▸ **Records for this task**:
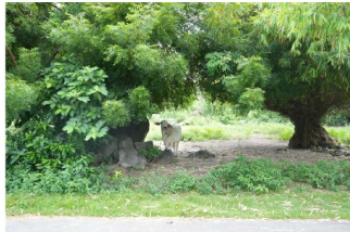
「曖昧なランドマーク」キュンチョメ
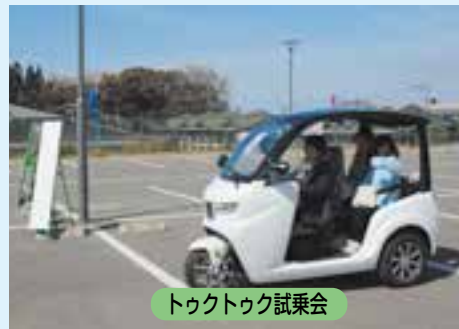
トゥクトゥク試乗会
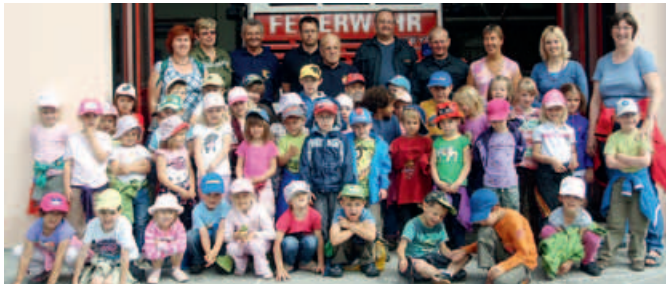
Die Kindergartenkinder beim Besuch der Feuerwehr Gföhl.
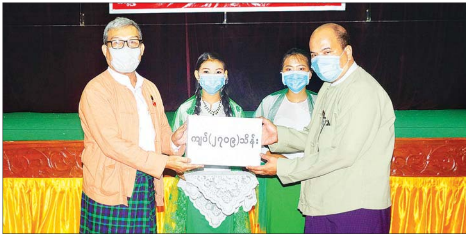
ပြည်နယ်ဝန်ကြီးချုပ် ဦးညီပု က အခြေခံလူတန်းစားများအတွက် ထောက်ပံ့ငွေများကို မြို့နယ်စီခန့်ခွဲမှုကော်မတီဥက္ကဋ္ဌ ဦးကျော်ဆန်းကျော်ထံ လွှဲပြောင်းပေးအပ်စဉ်။

သံတွဲ ဇူလိုင် ၃၁ ရခိုင်ပြည်နယ်ဝန်ကြီးချုပ်ဦးညီပုသည် ပြည်နယ်ဝန်ကြီးများနှင့်အတူ ဇူလိုင် ၃၀ ရက် ညနေပိုင်းက သံတွဲမြို့၊ ဒွါရာဝတီခန်းမ၌ ကျင်းပသည့် ကိုစစ် - ၁၉ ရောဂါ ကာကွယ်၊ ထိန်းချုပ်၊ ကုသခြင်းကာလအတွင်း ပုံမှန်ဝင်ငွေမရှိသော အခြေခံလူတန်းစားများအား ထောက်ပံ့ကြေးပေးအပ်ပွဲနှင့် သံတွဲခရိုင်အတွင်းရှိ လူရည်ချွန်မောင်မယ်များအား ဂုဏ်ပြုချီးမြှင့်ပွဲအခမ်းအနားသို့ တက်ရောက်သည်။ ပြည်နယ်ဝန်ကြီးချုပ်က အဖွင့်အမှာစကားပြောကြားသည်။ ဆက်လက်၍ ပြည်နယ်ဝန်ကြီးချုပ်က ထောက်ပံ့ငွေများကို မြို့နယ်စီခန့်ခွဲမှုကော်မတီဥက္ကဋ္ဌ၊ ဦးကျော်ဆန်းကျော်ထံ လွှဲပြောင်းပေးအပ်ခဲ့ပြီး ပြည်နယ်ဝန်ကြီးများက အိမ်ထောင်စုတစ်စုချင်းအလိုက် ထောက်ပံ့ငွေများကို ပေးအပ်ခဲ့ရာ ပြည်နယ်ဝန်ကြီးချုပ်ကိုယ်စား ပြည်နယ်လူမှုရေးဝန်ကြီး ဒေါက်တာချမ်းသာက နိဂုံးချုပ်အမှာစကားပြောကြားသည်။ ထို့နောက် ၂၀၁၉-၂၀၂၀ ပညာသင်နှစ် သံတွဲခရိုင် လူရည်ချွန်မောင်မယ်များအား ဂုဏ်ပြုချီးမြှင့်ခြင်းကို ကျင်းပရာ ပြည်နယ်ဝန်ကြီးချုပ်က အဖွင့်အမှာစကားပြောကြားသည်။ ယင်းနောက် ပြည်နယ်စည်ပင်သာယာရေးဝန်ကြီးနှင့် လူရည်ချွန်မောင်မယ်များအား ပြည်နယ်လူမှုရေးဝန်ကြီး
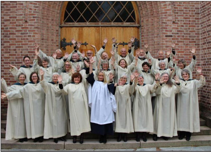
Et jubilerende kor i kirketrappa.

– Hvordan appeller kirkemusikk i vår tid? – Ved at musikk er et universelt språk! Den underbygger ordet, og kommuniserer der ordene ikke strekker til. Kirkemusikk er ikke en egen sjanger. Den er korsang og salmesang, liturgisk sang, orgelmusikk, bandmusikk, og i tillegg er den tilhørerens opplevelser i et hellig
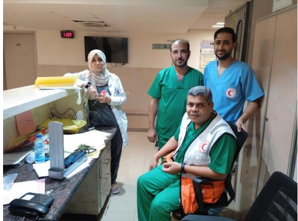
看護部長（1番手前）から送られてきた写真

それまでも事前に告知されるような形で小規模なデモや衝突はありましたが、今回については現地スタッフも不意打ちの様子でした。爆撃音がどんどん激しくなり、すぐ近くに攻撃を受けたかと思いました。もともと有事の際に備えて事前に荷物をまとめており、まずは当日中にICRCの別の宿舎（シェルター）に移動しました。移動途中に避難経路にあった建物が激しい攻撃を受け、その破片が散乱していたため、進路を変更するなど、かなり緊迫した状況でした。アルクッツ病院の看護部長に連絡を取り、1シフト24時間の緊急態勢が敷かれ、病院が手配した車両で医療スタッフ送迎をしていることを把握しました。看護部長からは「危険なので病院には来ない方がいい。自分たちはこんな状況に慣れているから大丈夫」と言われました。その後も負傷者が絶え間なく運ばれてきて、看護部長自身は10日以上滞在し、家族とは電話で安否を確認していました。
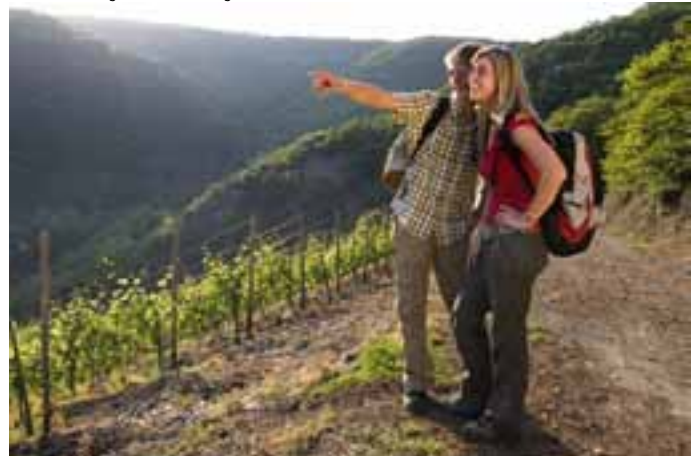
Im Bopparder Hamm
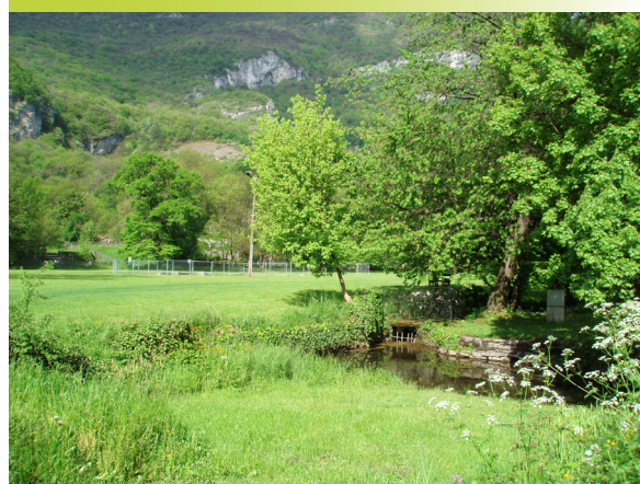
Parmi les actions renforçant la TVB de Fontaine : des mares accessibles à vocation pédagogique, des jardins collectifs et une prairie fleurie ont été créés. Ici, le parc de la Poya, qui renforce la connexion Vercors – Drac en « pas japonais ».
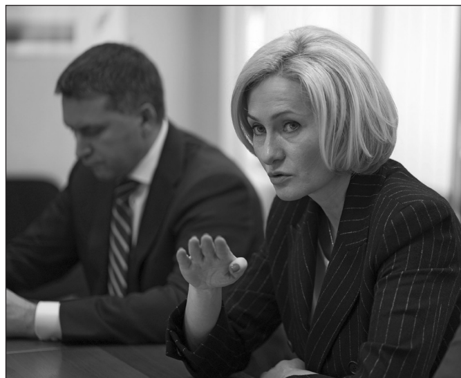
Виктория Абрамченко: «На территории Байкальска необходимо создать специальную экологическую зону»

Окончательную ликвидацию отходов БЦБК планируют
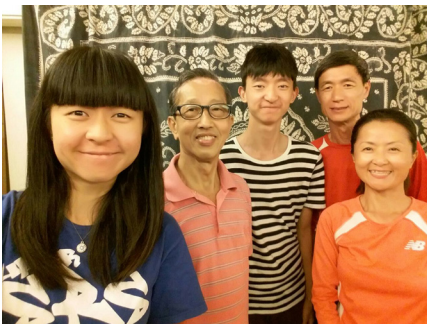
與浩瀚兄全家合影
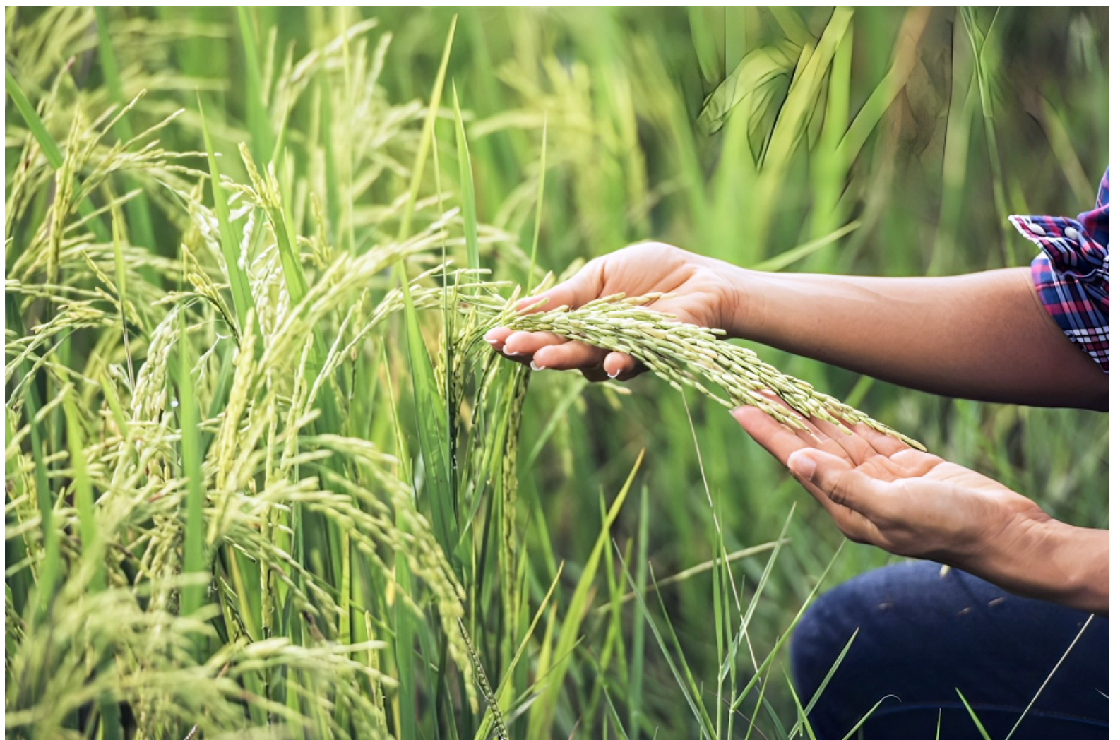
El arroz es uno de los alimentos preferidos por los colombianos.

En el documento, se recomendó la implementación de un in-
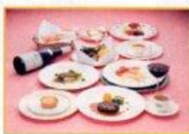
フランス料理 (イメージ)
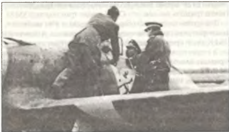
Инспектор истребительной авиации Люфтваффе оберст Вернер Мёльдерс (Werner Mölders) в кабине С.200 из 22° Gr.Aut. С.Т., сентябрь — октябрь 1941 г.
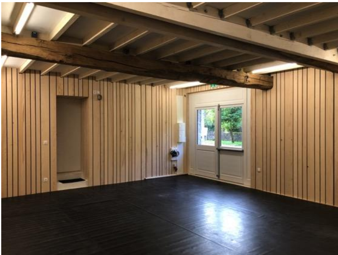
Le Studio Faramine.
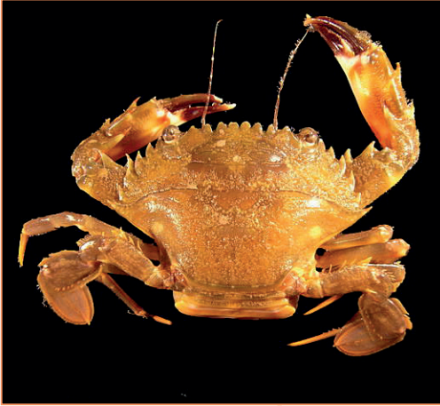
Charybdis hellerii – Crabe nageur à pinces épineuses
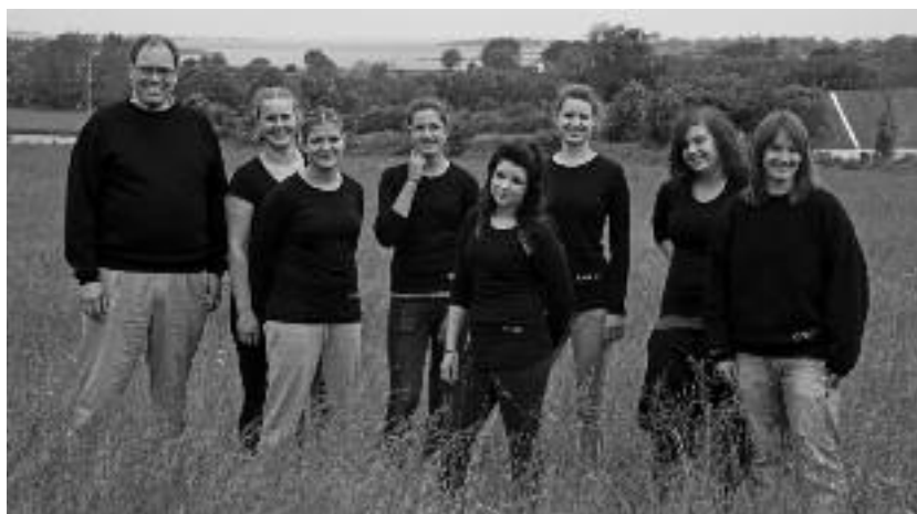
Korsangerne i »Karsten & Korallerne« er alle begyndt i Marstal Kirkekor. »Karsten & Korallerne« holder jule- og nytårskoncert i Ommel Kirke, torsdag den 30. dec. kl. 19.30.
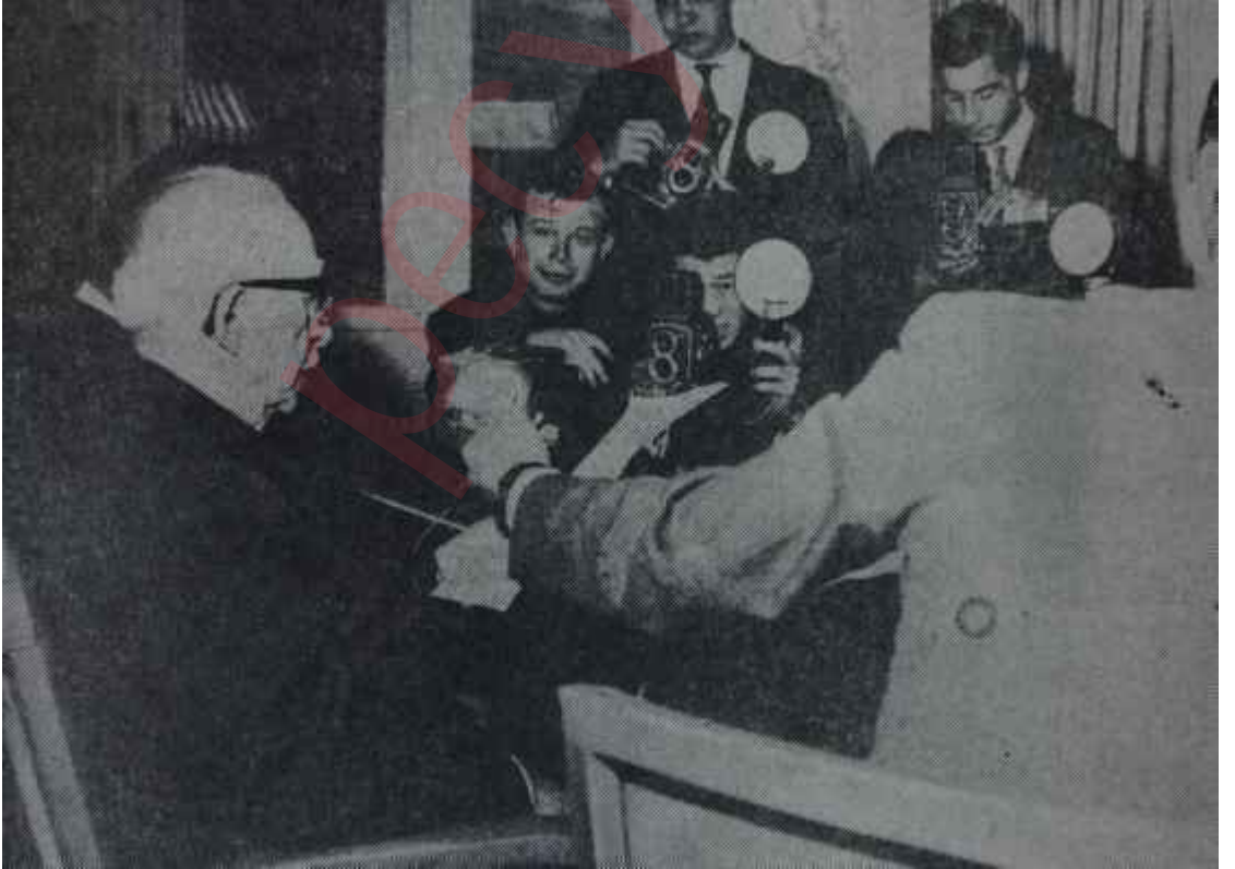
Muhalefet lideri İnönünün basın toplantısı Dilinin altındaki: "NATO'nun kararını bekliyoruz"

Londrada hava, Kıbrıs buhranının bir an evvel bir sonuca vardırılmasının gerektiği havasıdır. Buna, başta Amerika Türkiye ile Yunanistan ve herkes müttefiklerdir. Amerika canı sıkın haledir. Üstelik Kıbrıs, Amerikanın nazarında toplantının da en önemli meselesi değildir. Ball, Vietnam politikası konusunda müttefiklerinden bir
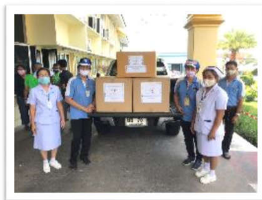
มอบ Face Shield ให้กับเจ้าหน้าที่ทางการแพทย์ ณ โรงพยาบาลชลบุรี
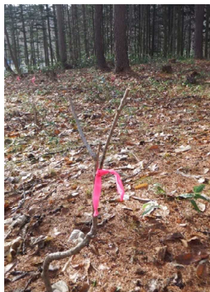
食害を受けた苗木
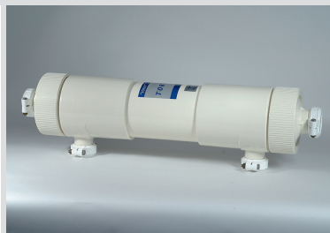
Toray Ultrafiltration (PVDF) Element
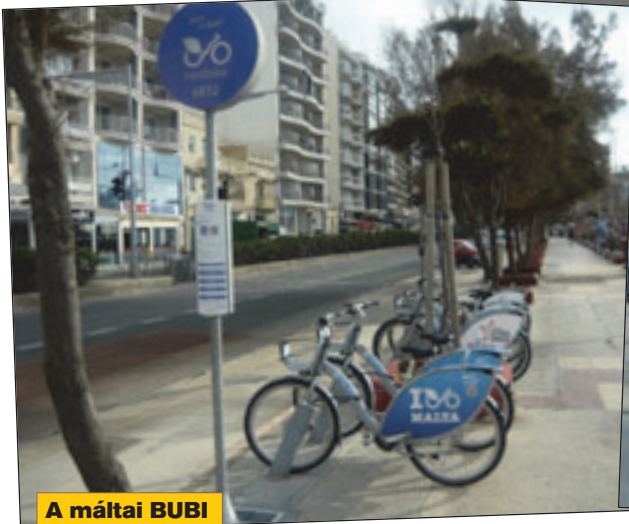
A máltai BUBI
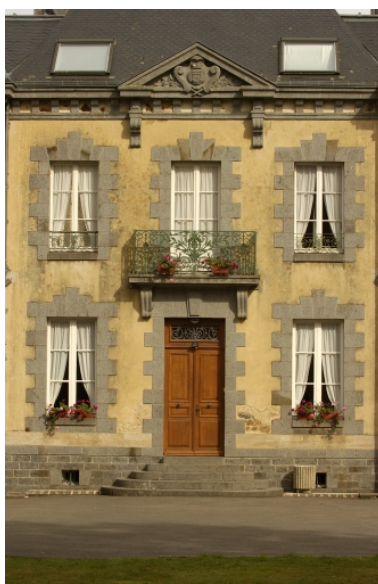
La travée centrale
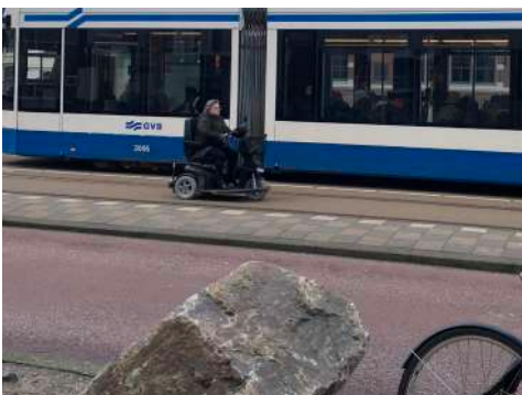
Mevrouw op scootmobiel neemt toevlucht op tram-baan omdat de rijbaan niet vrij is i.v.m. een levering.
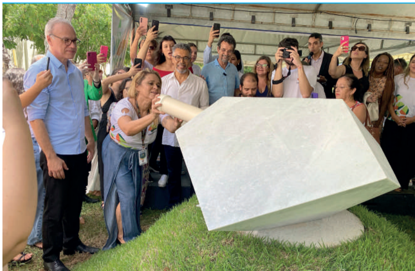
Cápsula foi instalada no parque do Museu Câmara Cascudo

O Museu Câmara Cascudo da UFRN (MCC) ganhou nesta segunda-feira (22) uma cápsula do tempo que guardará mensagens para o futuro. Com realização da Organização Atitude Social e Ambiental (OASA) em parceria com a Instituição, e apoio de diversas organizações públicas e privadas, a estrutura deve ser aberta somente daqui a cinquenta anos, quando serão lidas cerca de trezentas cartas enviadas por representantes da sociedade potiguar. O projeto prevê, ainda, uma cápsula virtual com mensagens em vídeo que também só serão visualizadas em 2074.
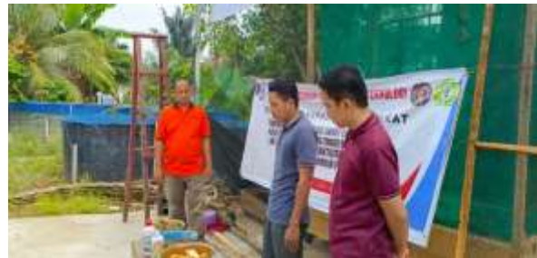
Gambar 1 . Pemasangan Alat IoT Smart Farming

Secara keseluruhan, implementasi sistem Smart Farming berbasis IoT menunjukkan bahwa digitalisasi pertanian merupakan langkah strategis dalam meningkatkan produktivitas dan efisiensi kelompok tani, khususnya dalam menghadapi tantangan perubahan iklim dan keterbatasan sumber daya.
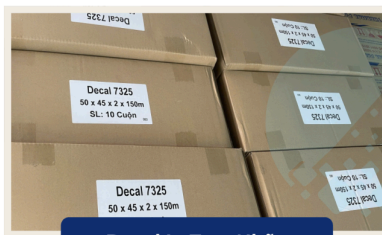
Decal In Tem Nhãn

Mã Vạch Số Vina (MVS Vina) là đơn vị chuyên cung cấp:
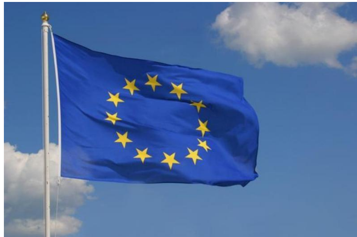
Flaga Unii Europejskiej

Co roku 1 maja obchodzimy Święto Pracy, natomiast 9 maja obchodzimy Święto Unii Europejskiej. Polska jest członkiem Unii Europejskiej od 1 maja 2004r.
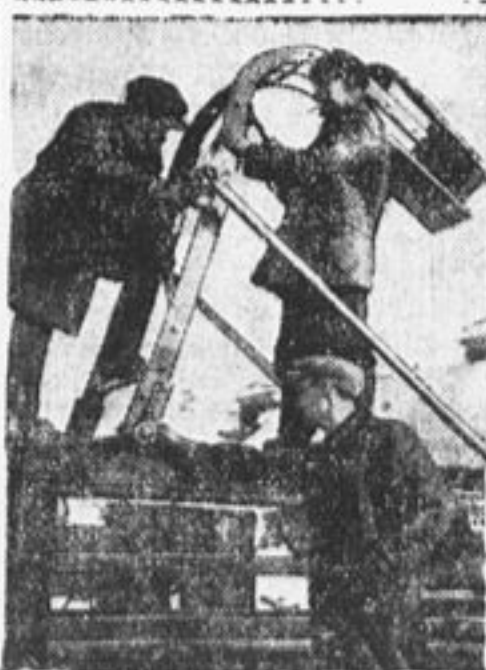
Ремонтируют машины к посевной кампании.
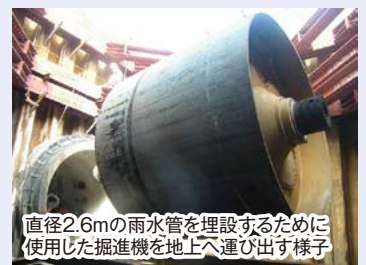
直径2.6mの雨水管を埋設するために使用した掘進機を地上へ運び出す様子

雨水幹線は、大雨の時に道路側溝などから集まった雨水を河川へ安全に放流し、街を浸水の被害から守るための重要な水路です。
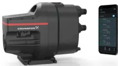
Pressurizador Grundfos Scala1 3-45 900w 0.76cv Monofásico 220v - Até 4 Banheiros
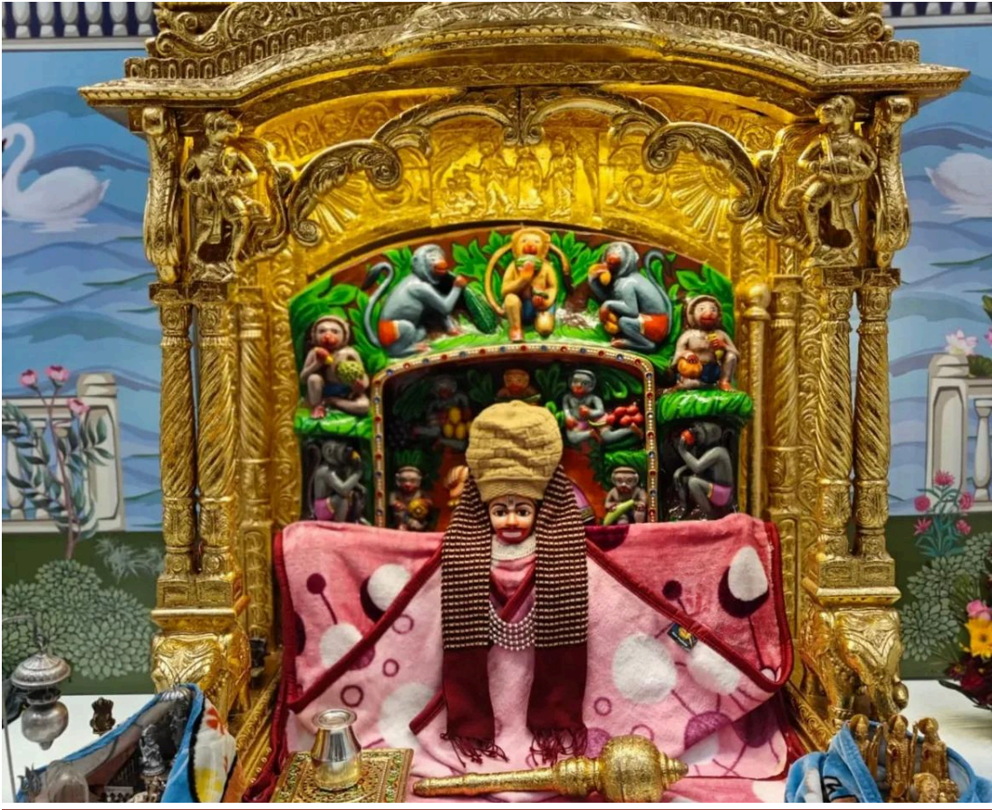
'સબ સુખ લહે તુમહારી સરના, તુમ રક્ષક કાહુ કો ડરના'

▸ **Goal of the exercise**: Go back to the entries above and restate word for word every line from the first through the one that contains "Et jubilerende kor i kirketrappa.", leaving the pictures behind.

▸ **Problem solution**:
「曖昧なランドマーク」キュンチョメ
トゥクトゥク試乗会
Die Kindergartenkinder beim Besuch der Feuerwehr Gföhl.
ပြည်နယ်ဝန်ကြီးချုပ် ဦးညီပု က အခြေခံလူတန်းစားများအတွက် ထောက်ပံ့ငွေများကို မြို့နယ်စီခန့်ခွဲမှုကော်မတီဥက္ကဋ္ဌ ဦးကျော်ဆန်းကျော်ထံ လွှဲပြောင်းပေးအပ်စဉ်။

သံတွဲ ဇူလိုင် ၃၁ ရခိုင်ပြည်နယ်ဝန်ကြီးချုပ်ဦးညီပုသည် ပြည်နယ်ဝန်ကြီးများနှင့်အတူ ဇူလိုင် ၃၀ ရက် ညနေပိုင်းက သံတွဲမြို့၊ ဒွါရာဝတီခန်းမ၌ ကျင်းပသည့် ကိုစစ် - ၁၉ ရောဂါ ကာကွယ်၊ ထိန်းချုပ်၊ ကုသခြင်းကာလအတွင်း ပုံမှန်ဝင်ငွေမရှိသော အခြေခံလူတန်းစားများအား ထောက်ပံ့ကြေးပေးအပ်ပွဲနှင့် သံတွဲခရိုင်အတွင်းရှိ လူရည်ချွန်မောင်မယ်များအား ဂုဏ်ပြုချီးမြှင့်ပွဲအခမ်းအနားသို့ တက်ရောက်သည်။ ပြည်နယ်ဝန်ကြီးချုပ်က အဖွင့်အမှာစကားပြောကြားသည်။ ဆက်လက်၍ ပြည်နယ်ဝန်ကြီးချုပ်က ထောက်ပံ့ငွေများကို မြို့နယ်စီခန့်ခွဲမှုကော်မတီဥက္ကဋ္ဌ၊ ဦးကျော်ဆန်းကျော်ထံ လွှဲပြောင်းပေးအပ်ခဲ့ပြီး ပြည်နယ်ဝန်ကြီးများက အိမ်ထောင်စုတစ်စုချင်းအလိုက် ထောက်ပံ့ငွေများကို ပေးအပ်ခဲ့ရာ ပြည်နယ်ဝန်ကြီးချုပ်ကိုယ်စား ပြည်နယ်လူမှုရေးဝန်ကြီး ဒေါက်တာချမ်းသာက နိဂုံးချုပ်အမှာစကားပြောကြားသည်။ ထို့နောက် ၂၀၁၉-၂၀၂၀ ပညာသင်နှစ် သံတွဲခရိုင် လူရည်ချွန်မောင်မယ်များအား ဂုဏ်ပြုချီးမြှင့်ခြင်းကို ကျင်းပရာ ပြည်နယ်ဝန်ကြီးချုပ်က အဖွင့်အမှာစကားပြောကြားသည်။ ယင်းနောက် ပြည်နယ်စည်ပင်သာယာရေးဝန်ကြီးနှင့် လူရည်ချွန်မောင်မယ်များအား ပြည်နယ်လူမှုရေးဝန်ကြီး
Et jubilerende kor i kirketrappa.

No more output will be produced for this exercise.